Prove that set of all onto mappings of A->A is closed under composition of mappings:

Homework Equations

Definition of onto and closure on sets.

The Attempt at a Solution

Say, $f$ and $g$ are onto mappings from A to A.
Now, say I have a set S(A) = {all onto mappings of A to A }, so $f$ and $g \in S$
Then,

$f o g(a_0) = f(g(a_0)) = f(a_i) , a_i, a_0 \in A; a_i$ represents all elements in A that are being hitted.
Now, the domain of $f$ is set A, since $g$ is onto. And now all elements in the domain of $f$ will hit all elements in the codomain of f.
Therefore, $fog \in S(A)$

Is this correct? Or is it weak, illogical, flawed ... ?

 

[PeroK]

Homework Statement

Prove that set of all onto mappings of A->A is closed under composition of mappings:

Homework Equations

Definition of onto and closure on sets.

The Attempt at a Solution

Say, $f$ and $g$ are onto mappings from A to A.
Now, say I have a set S(A) = {all onto mappings of A to A }, so $f$ and $g \in S$
Then,

$f o g(a_0) = f(g(a_0)) = f(a_i) , a_i, a_0 \in A; a_i$ represents all elements in A that are being hitted.
Now, the domain of $f$ is set A, since $g$ is onto. And now all elements in the domain of $f$ will hit all elements in the codomain of f.
Therefore, $fog \in S(A)$

Is this correct? Or is it weak, illogical, flawed ... ?

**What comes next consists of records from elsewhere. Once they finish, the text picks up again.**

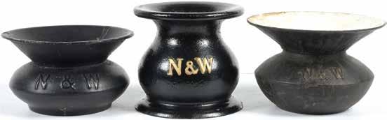 Largest: 8 - 1/2” D. x 7 - 1/4” T. (A) A heavy German silver spittoon with a weighted base and the N&W Railway round logo embossed in the side. This unit has many dents in the side of the bottom part. (B) A cast iron spittoon with “VGN. RWY” embossed on the top side. This unit is painted gloss black, with significant paint loss. (C) A cast iron body with enameled insides, nicely cast “N&W” in serif font on the side. Old black paint is significantly deteriorated and soiled. (D) A cast iron spittoon with “N&W” cast on the body in serif font. Black paint appears to be recent. (E) A cast iron spittoon with “N&W” cast in block letters on the body. Gold paint on the body, and a porcelain cup and flange. (Good). 400 - 1,000
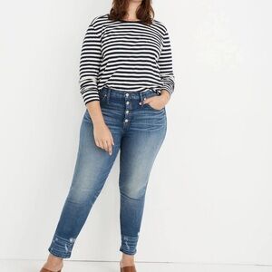 Madewell Slim Straight Distressed Button-Front Edition Jeans In Blue Size 33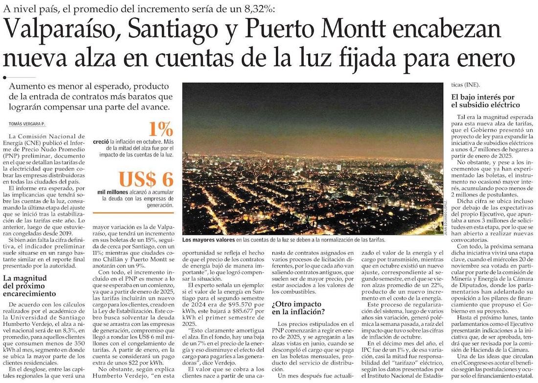 CNE ratifica nueva alza en cuentas de luz en enero de 2025 y proceso de normalización sumaría aumento total de más del 50% - (Diario Financiero)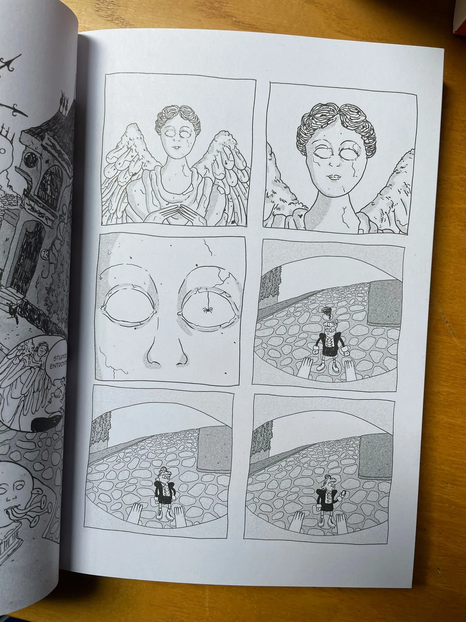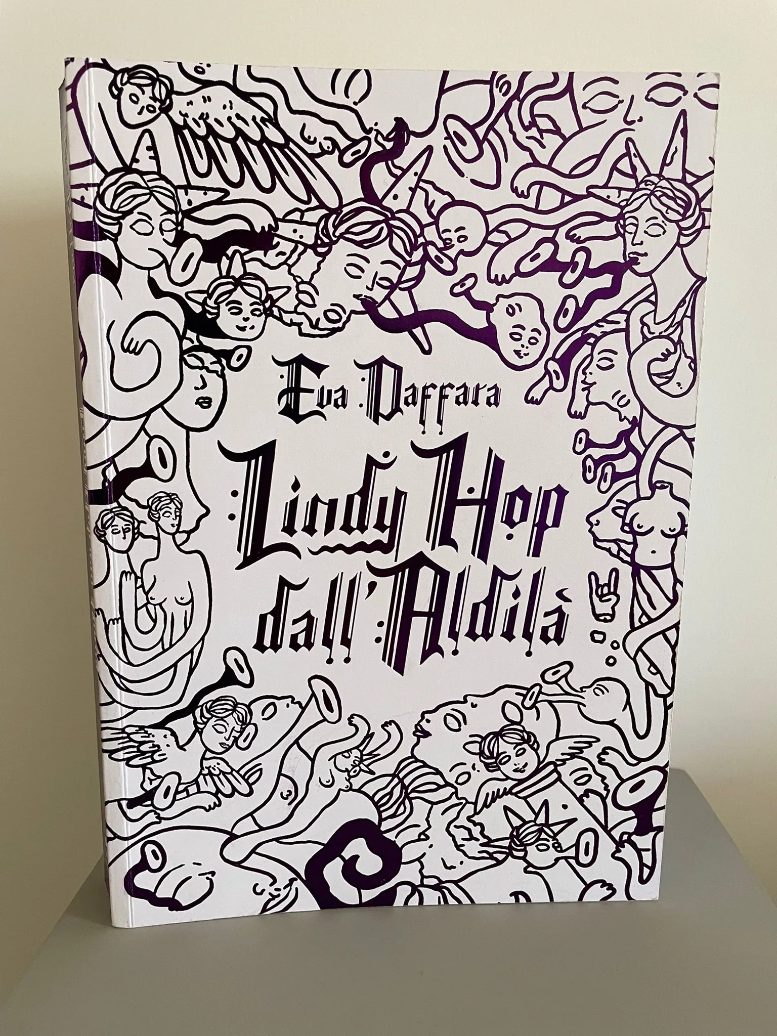 Una notte, delle grandi statue di angeli e creature deformi sono misteriosamente comparse in tutta Accabarì e nei dintorni della città. La popolazione locale ha imparato a conviverci, pur non sapendo nulla sulla loro natura. Da questa premessa prende il via Lindy Hop dall’aldilà, fumetto d’esordio e tesi di laurea di Eva Daffara, con il quale ha vinto la borsa di studio della Fondazione Tuono Pettinato nel 2014 e uscito ora per Eris Edizioni.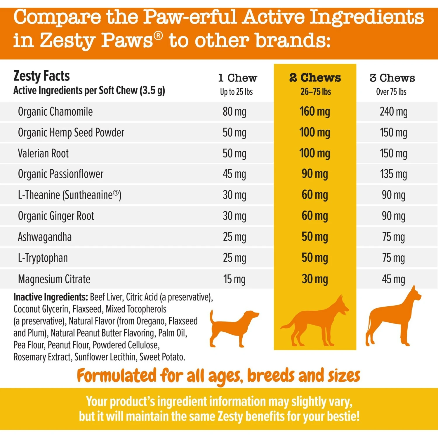 Zesty Paws Hemp Calming Bites Turkey Flavored Soft Chews Supplement For Dogs

It's not correct. Both the general approach and the details are not right.

First, there's no need to introduce S(A) when you did. Stick with f and g being onto. You need to show that f o g is onto. Now, can you write down the definition of onto for f o g? Try writing it as:

"We need to show that ..."

 

[knowLittle]

Thanks.
We need to show that $fog$ is onto or in other words
fog = z = f(g(x)) =A?

f: A-> A : f(a) = A
g: A ->A: g(a) = A

Is this correct?

 

[SammyS]

Thanks.
We need to show that $fog$ is onto or in other words
fog = z = f(g(x)) =A?

f: A-> A : f(a) = A
g: A ->A: g(a) = A

Is this correct?

You need to show that for every z in A, there is an x in A such that $\ (f \circ g) \, (x)=z \$ .

 

[knowLittle]

Still not very sure on how to start.
BTW, is there anything rescuable from my first approach?

 

[SammyS]

Still not very sure on how to start.
BTW, is there anything rescuable from my first approach?

Sure.

Having f & g be chosen from set S is fine.

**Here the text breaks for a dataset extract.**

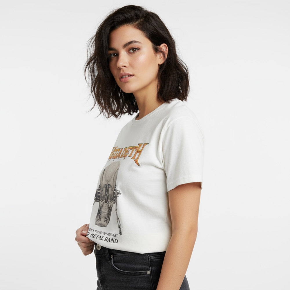 フロントには、重厚感のあるスカルとチェーンのアート、そしてアイコニックなMEGADETHロゴが映えるデザインで、メタルファンには欠かせない定番のグラフィックです。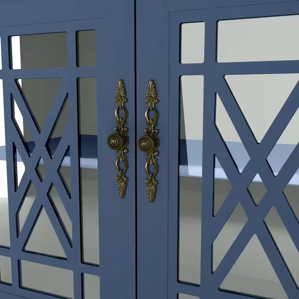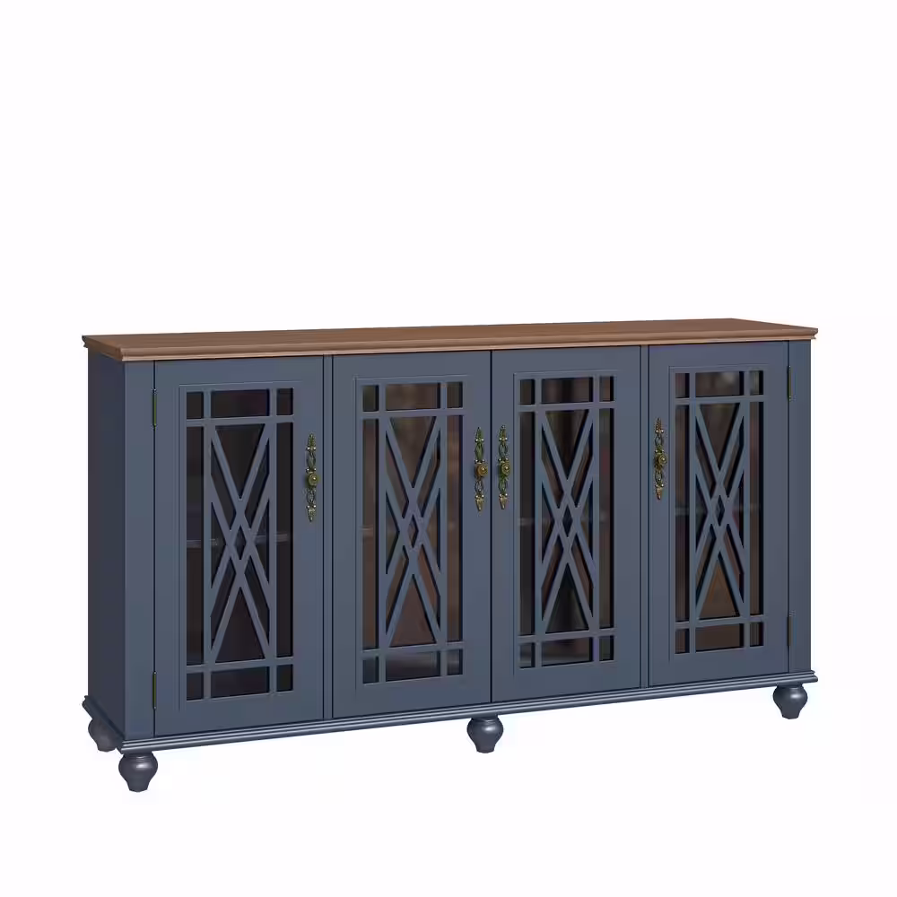 None Vintage Navy MDF 63 in. Storage Buffet Sideboard with Floral Design Doors

Then show that $\ f\circ g\$ is onto.

 

[PeroK]

Thanks.
We need to show that $fog$ is onto or in other words
fog = z = f(g(x)) =A?

f: A-> A : f(a) = A
g: A ->A: g(a) = A

Is this correct?

If you don't know the definition of onto, how can you prove a function is onto? Formal definitions are essential for rigorous mathematics.

Does the formal definition that Sammy gave you make sense?

I'd do two things to start. First, I'd write down what you know about f and g being onto.

Then, I'd find an example. Perhaps f, g: [0, 1] -> [0, 1], where f(x) = x^2 and g(x) = 1 - x. Check that these are onto, then show that f o g is onto. Why is f o g onto? Then, try to generalise this for any functions.